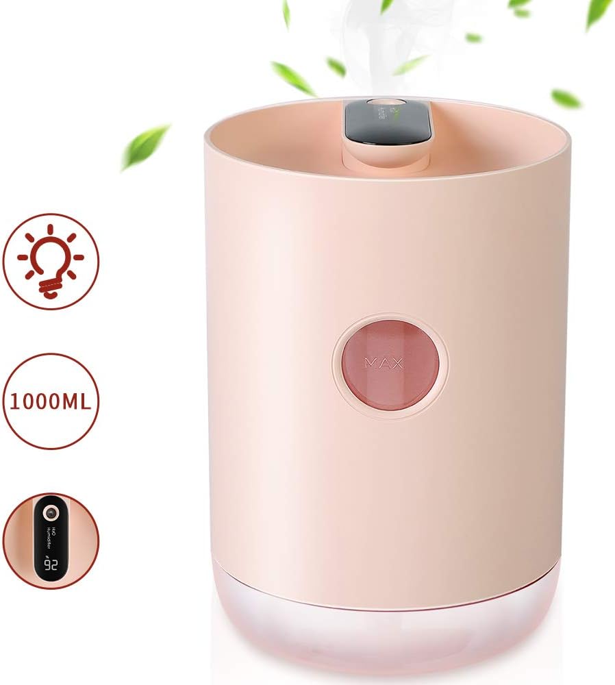 [1000ML GRAN CAPACIDAD]: La capacidad máxima del humidificador es de 1000 ml, y la niebla de pulverización es de 30-50 ml/h. Al agregar agua, aumentará la humedad, hidratará su piel, lo relajará y eliminará la fatiga para disfrutar de un mejor sueño. Y con su gran capacidad se puede utilizar toda la noche.
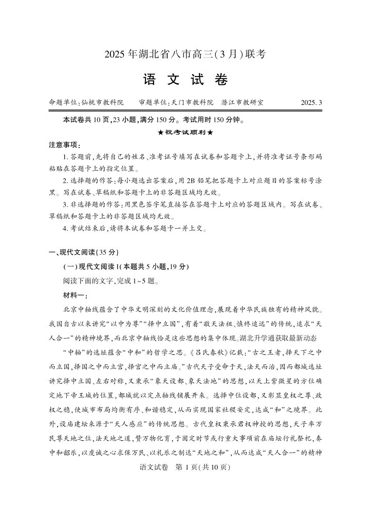 湖北省八市2024-2025学年下学期3月高三联考语文
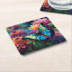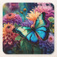 Dahlias And Iridescent Blue Green Butterfly Square Paper Coaster
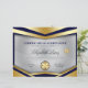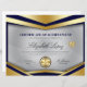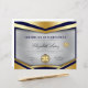 This professional certificate of achievement award features blue and gold, and a grey detailed background. Includes two medal awards: a custom gold and blue medal centered at the bottom with blue stars and a gold medal.
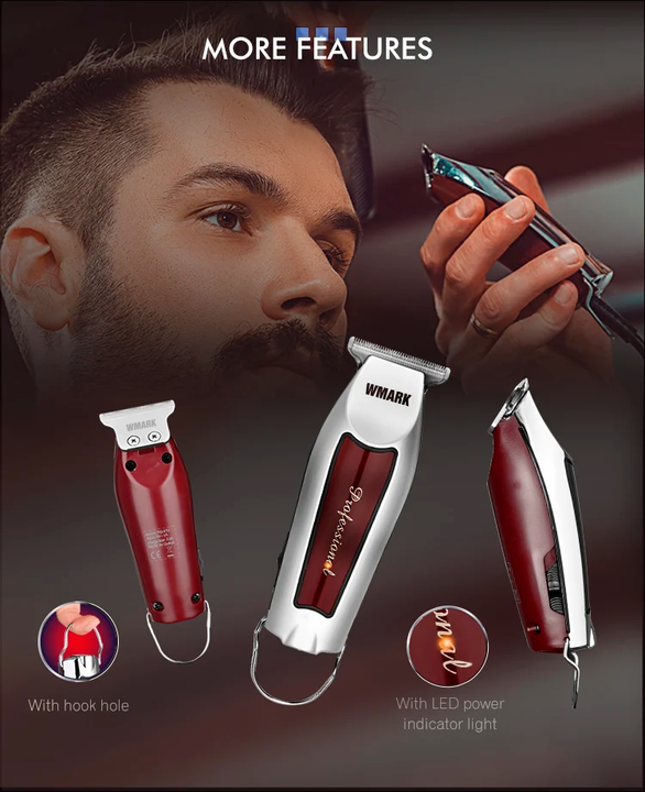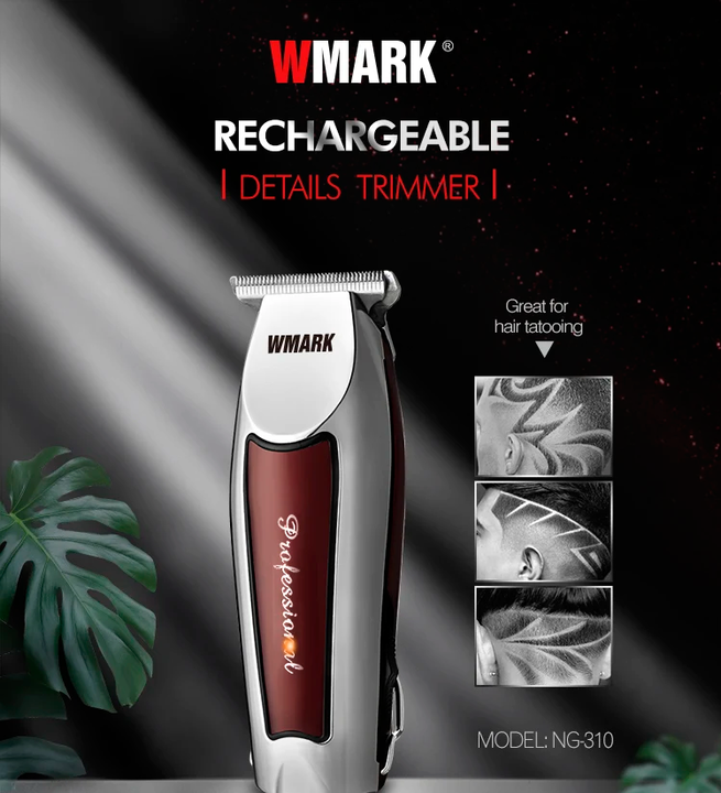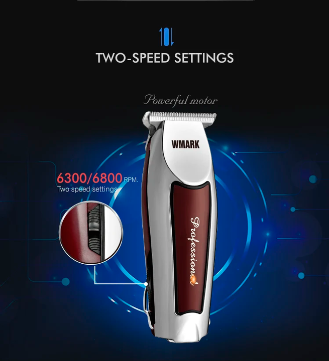 WMARK DETAIL TRIMMER TWO ROUND PIN PLUG SKU: NG-310 • Cuchillas de corte en T de acero inoxidable, con un espacio de aproximadamente 0,1mm. • Velocidad del motor: 6300/6800RPM. • Batería de litio: 900mAh. • 2,5 horas de carga completa para 150 minutos de uso. • Con luz LED indicadora de alimentación...

* * * *

→ **EXERCISE**: All of the data must be repeated exactly, except for the pictures.

→ **WRITTEN RESPONSE**:
 [1000ML GRAN CAPACIDAD]: La capacidad máxima del humidificador es de 1000 ml, y la niebla de pulverización es de 30-50 ml/h. Al agregar agua, aumentará la humedad, hidratará su piel, lo relajará y eliminará la fatiga para disfrutar de un mejor sueño. Y con su gran capacidad se puede utilizar toda la noche.
 湖北省八市2024-2025学年下学期3月高三联考语文
 Dahlias And Iridescent Blue Green Butterfly Square Paper Coaster
 This professional certificate of achievement award features blue and gold, and a grey detailed background. Includes two medal awards: a custom gold and blue medal centered at the bottom with blue stars and a gold medal.
 WMARK DETAIL TRIMMER TWO ROUND PIN PLUG SKU: NG-310 • Cuchillas de corte en T de acero inoxidable, con un espacio de aproximadamente 0,1mm. • Velocidad del motor: 6300/6800RPM. • Batería de litio: 900mAh. • 2,5 horas de carga completa para 150 minutos de uso. • Con luz LED indicadora de alimentación...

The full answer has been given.